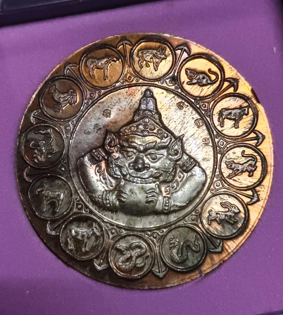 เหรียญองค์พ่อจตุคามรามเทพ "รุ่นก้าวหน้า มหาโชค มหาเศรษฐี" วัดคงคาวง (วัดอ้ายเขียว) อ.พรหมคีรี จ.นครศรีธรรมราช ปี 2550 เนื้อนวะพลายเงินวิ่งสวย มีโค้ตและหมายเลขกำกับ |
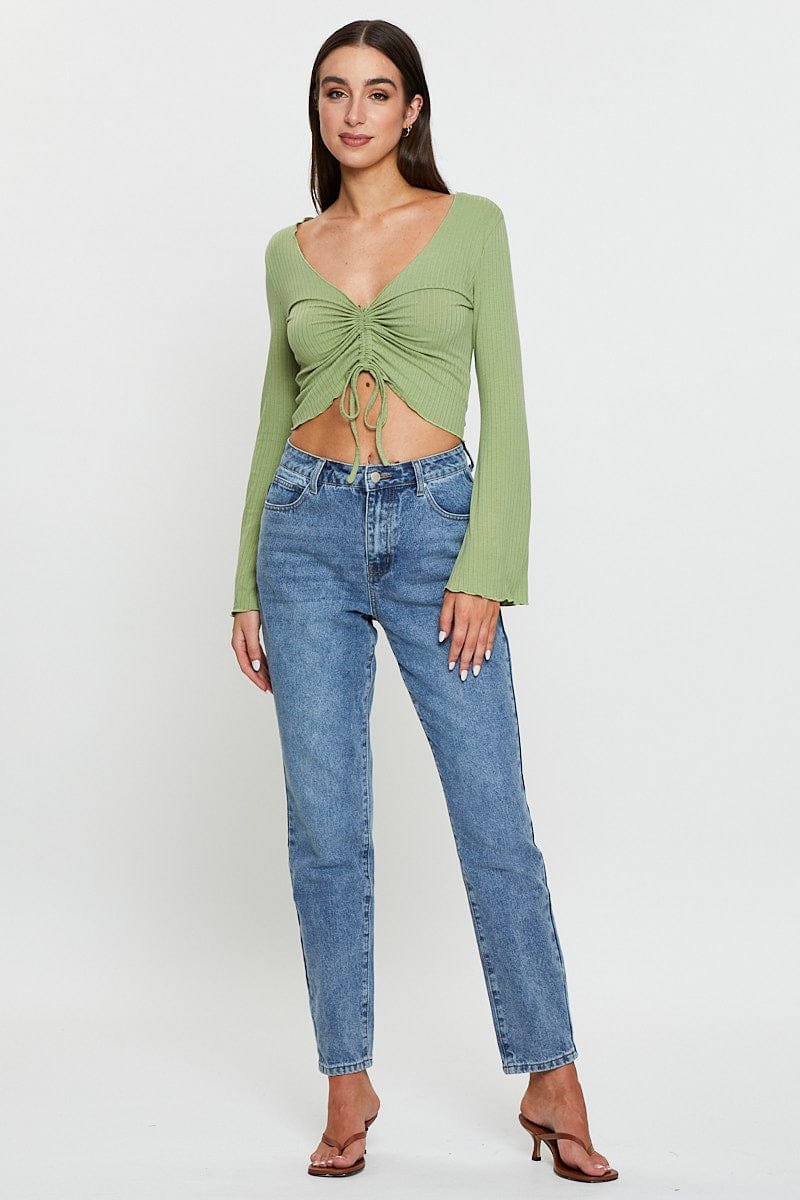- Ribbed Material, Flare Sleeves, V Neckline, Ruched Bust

· · · · ·

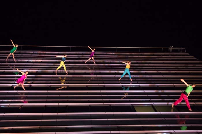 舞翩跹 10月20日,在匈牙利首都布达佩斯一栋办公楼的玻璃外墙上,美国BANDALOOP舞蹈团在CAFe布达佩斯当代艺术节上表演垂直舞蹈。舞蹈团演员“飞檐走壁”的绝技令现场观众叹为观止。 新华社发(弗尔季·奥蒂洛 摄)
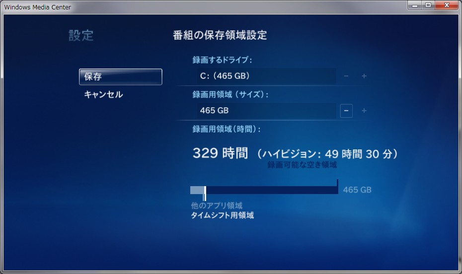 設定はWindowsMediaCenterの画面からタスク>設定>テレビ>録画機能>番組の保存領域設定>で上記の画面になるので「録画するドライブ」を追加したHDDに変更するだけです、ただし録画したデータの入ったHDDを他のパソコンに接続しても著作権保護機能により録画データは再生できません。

· · · · ·

:: Aim of the task ::
Copy word for word the lines above, starting at the line containing "เนื้อนวะพลายเงินวิ่งสวย มีโค้ตและหมายเลขกำกับ |" and ending at the line containing "- Ribbed Material, Flare", inclusive, with no pictures.

:: Answer for this exercise ::
 เหรียญองค์พ่อจตุคามรามเทพ "รุ่นก้าวหน้า มหาโชค มหาเศรษฐี" วัดคงคาวง (วัดอ้ายเขียว) อ.พรหมคีรี จ.นครศรีธรรมราช ปี 2550 เนื้อนวะพลายเงินวิ่งสวย มีโค้ตและหมายเลขกำกับ |
- Ribbed Material, Flare Sleeves, V Neckline, Ruched Bust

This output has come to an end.